ベントレー 最新サルーン&クーペの真価とは!?|BENTLEY
BENTLEY MULSANNE|ベントレー ミュルザンヌ
BENTLEY CONTINENTAL GT|ベントレー コンチネンタル GT
ベントレー 最新サルーン&クーペの真価とは!? (1)
OPENERSでは、最新のベントレーの真価を探るべく、フラッグシップサルーン「ミュルザンヌ」(写真右)、ラグジュアリーGTクーペ「コンチネンタル GT」(写真左) 2台のテストドライブをおこなった。
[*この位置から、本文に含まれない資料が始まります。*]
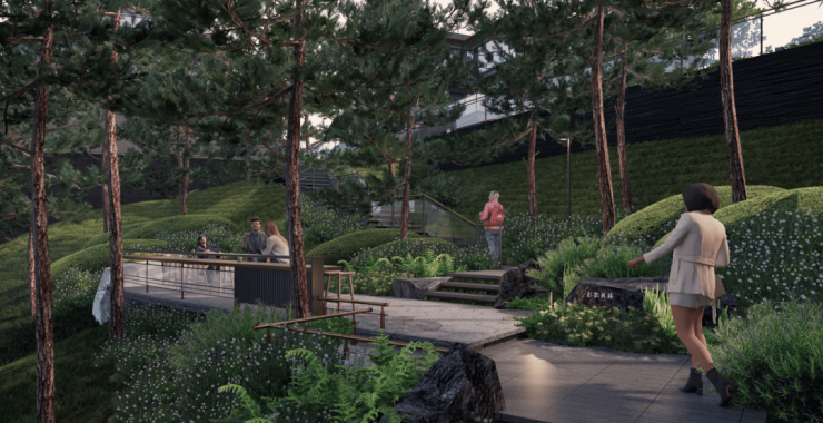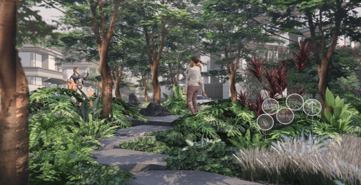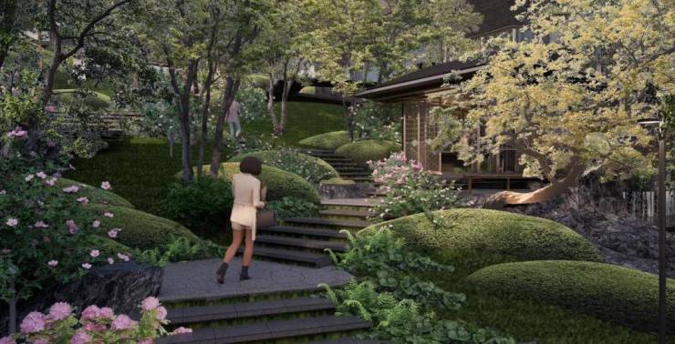 植物设计依据地形空间情况,打造独特植物氛围感受;山坡、山丘、山谷的空间植物基调分别为山花浪漫、雅致山林、阔叶竹林。

先日、そのフォトインプレッションをお届けしたが、今回は本編となるジャーナリスト 渡辺敏史氏による試乗記をお送りする。
文=渡辺敏史写真=荒川正幸
受け継がれる職人技術
ロンドンから北西に約400kmあまり。その位置をわかりやすくいえば、バーミンガムとマンチェスターのあいだあたりということになるだろうか。
ベントレーが本拠を構えるクルーという街は、仮にそれをのぞいてしまうと、さしたる産業も見当たらなさそうなふるく小さなところだ。その清閑さに紛れるように、彼らの工場はある。竣工は49年。煉瓦造りのそれを日本では瀟洒というかもしれないが、そんな建物を見慣れたイギリス人にはやや野暮ったく映るのかもしれない。
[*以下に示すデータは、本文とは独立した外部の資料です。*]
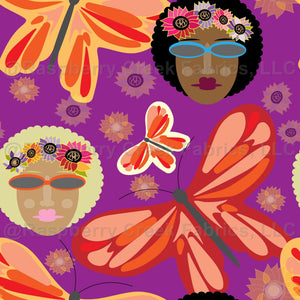 Female faces wearing sunglasses and flowers in hair with butterflies on purple background.

暖簾の歴史の大半をこの街で過ごしてきたベントレーは、フォルクスワーゲンの傘下となった1998年にいくつかの大きな決断を迫られていたはずだ。そのなかには、工場を核としたこの場所を離れ、行政の配慮がいき届いた、モダンで利便性の高い工業エリアに居を移すという選択肢もあったはずである。しかしベントレーはこのクルーという場所を堅持した。とりもなおさず背景にある歴史と、周辺で生活を営む職人たちこそが、自分たちの最大の財産であるという判断だろう。ベントレーのプロダクトにかならずつきまとう「ハンドクラフテッド」という言葉は、この職人たちの技能なくして語れない。いってしまえばそれは怒級の工芸・民芸品的な価値。それはカスタマーがベントレーに求めるもっとも重要なファクターでもある。
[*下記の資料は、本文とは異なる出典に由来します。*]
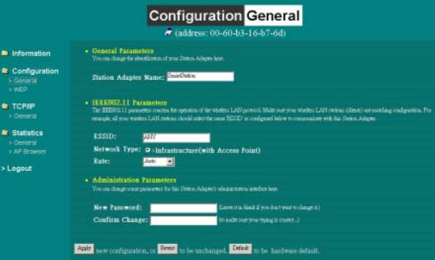 Adapter such as ESSID, Adapter’s name, Rate, IP Address, subnetmask, and default

件のクルー工場は、フォルクスワーゲンの理解ある膨大な投資によって、生産プラントは唖然とするほどにモダナイズされた。小説のストーリーによく出てくる、傍目を忍んで諜報活動をおこなう秘密基地でもみせられているかのようだ。そして併設された事務方の本社は、バリバリのブリティッシュモダンに彩られてもいる。が、その敷地の半分近くを占める面積には、従業員数の半分以上であろう手練れの職人がいて、いまでも革を縫い、鉄や木を削り磨くという手作業を黙もくとこなしている。そういう姿を目にすると、できあがったものは荘厳に過ぎて身構えるという感覚を超えて、指や掌を使ってでも愛でたくなるほどの距離感になるから不思議なものだ。プライスやステイタスといった俗世の定規の斜めむこうをいくぬくもり。それは普段語られないベントレーの、はずすことのできない価値なのかもしれない。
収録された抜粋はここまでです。